Wait for XP to tell you that a restart is needed. Restart the computer.

After the restart do a Start, Run, SFC /Scannow

If the XP CD is needed, it will prompt you for it.

This utility does not give you any exciting messages, although it does make entries in the Event Log.

Last, right-click My Computer, Properties, Advanced, and at the bottom click on Evironment Variables. In the lower of the two boxes highligh PATH and click the Edit button.

*Part* of your PATH string must include: %SystemRoot%\system32;%SystemRoot%;%SystemRoot%\System32\Wbem;

If not you will lose access to the external commands of XP just as you did in your testing.

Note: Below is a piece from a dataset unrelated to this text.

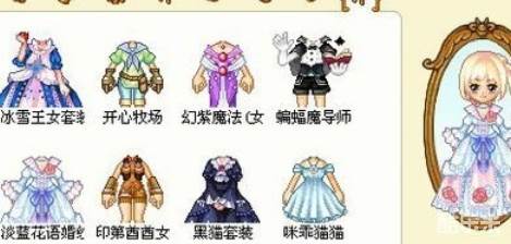 皮卡堂中都有属于玩家自己的衣橱,玩家可以根据自己的审美和喜好来进行搭配,服装风格样式非常多样,无论是可爱风格还是华丽风格的服装都非常好看,玩家的选择非常多,像下图中的粉色日风裙和冰雪王女套装就非常可爱,黑猫套装就很优雅华丽。还有一些比较独特带有主题的服装,比如开心牧场和蝙蝠魔导师。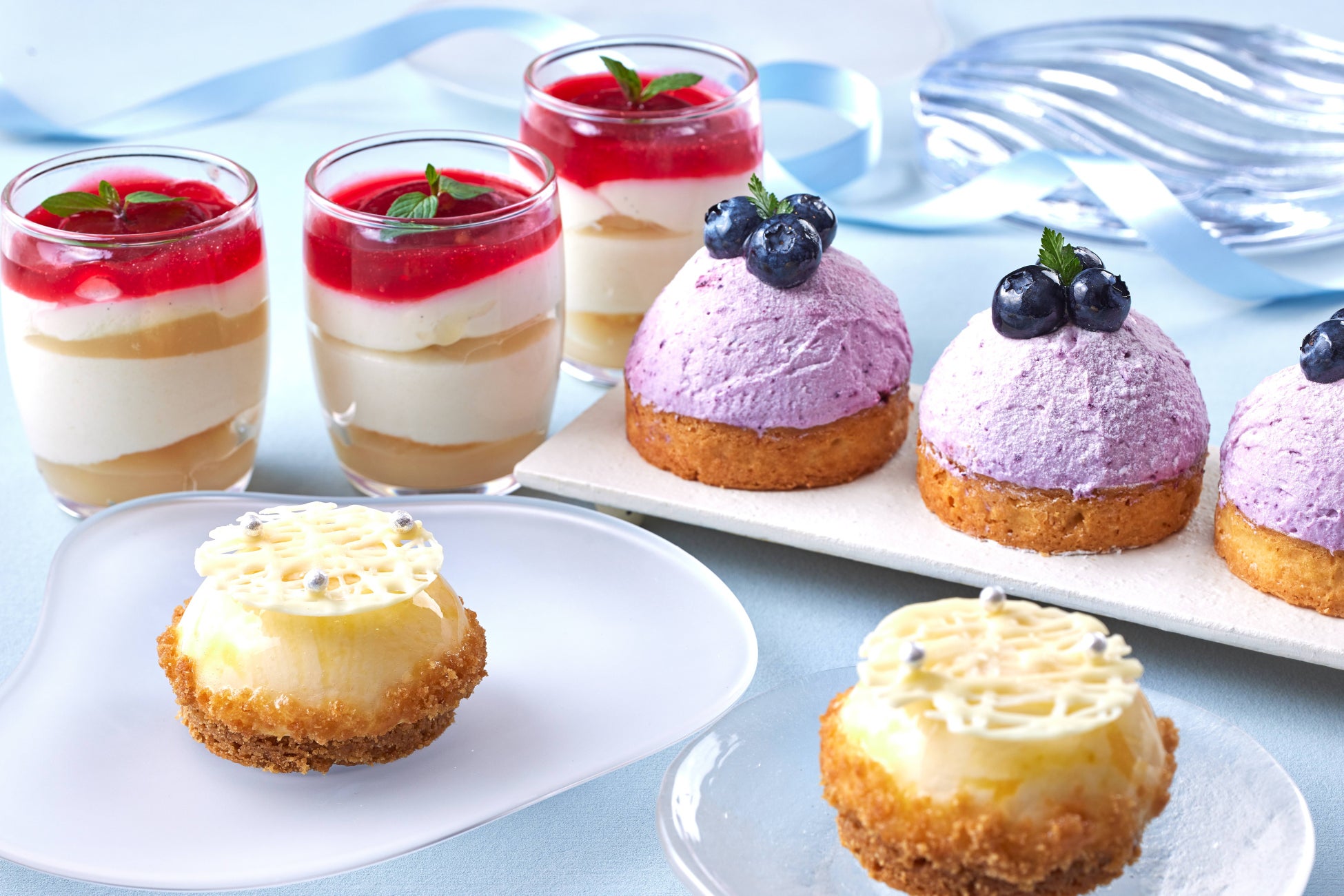 富士屋ホテルでは、リゾートホテルならではの季節感を大切にした商品を販売しております。箱根の紫陽花をイメージしたブルーベリーのケーキや桃、ライチを使った涼やかなケーキで夏を演出します。ベーカリーは社内で開催したパンコンクールから生まれたヴィーガンブレッドをベースに、販売に向けて更に改良を重ねました。お土産にも、またイートインスペースで夏の箱根観光のひとときにご賞味ください。

If this does not help, then do the Repair John was suggesting. A Microsoft Article will give you further details of HOWTO do it: http://support.microsoft.com/default.aspx?scid=kb;EN-US;315341

.


----------



## Bill_Castner

I have WOL, and 1 Event 45 trigger and 2 Event 47 triggers. Removing the cable keeps the light on with the power off unless I disable the adapter prior to the poweroff.

If guess if you only have WOL your circumstance is normal as well. What certainly does not indicate a bad adapter is the original posters scerenario way at the beginning. It simply in the absence of other information not a sign of a failed adapter.


----------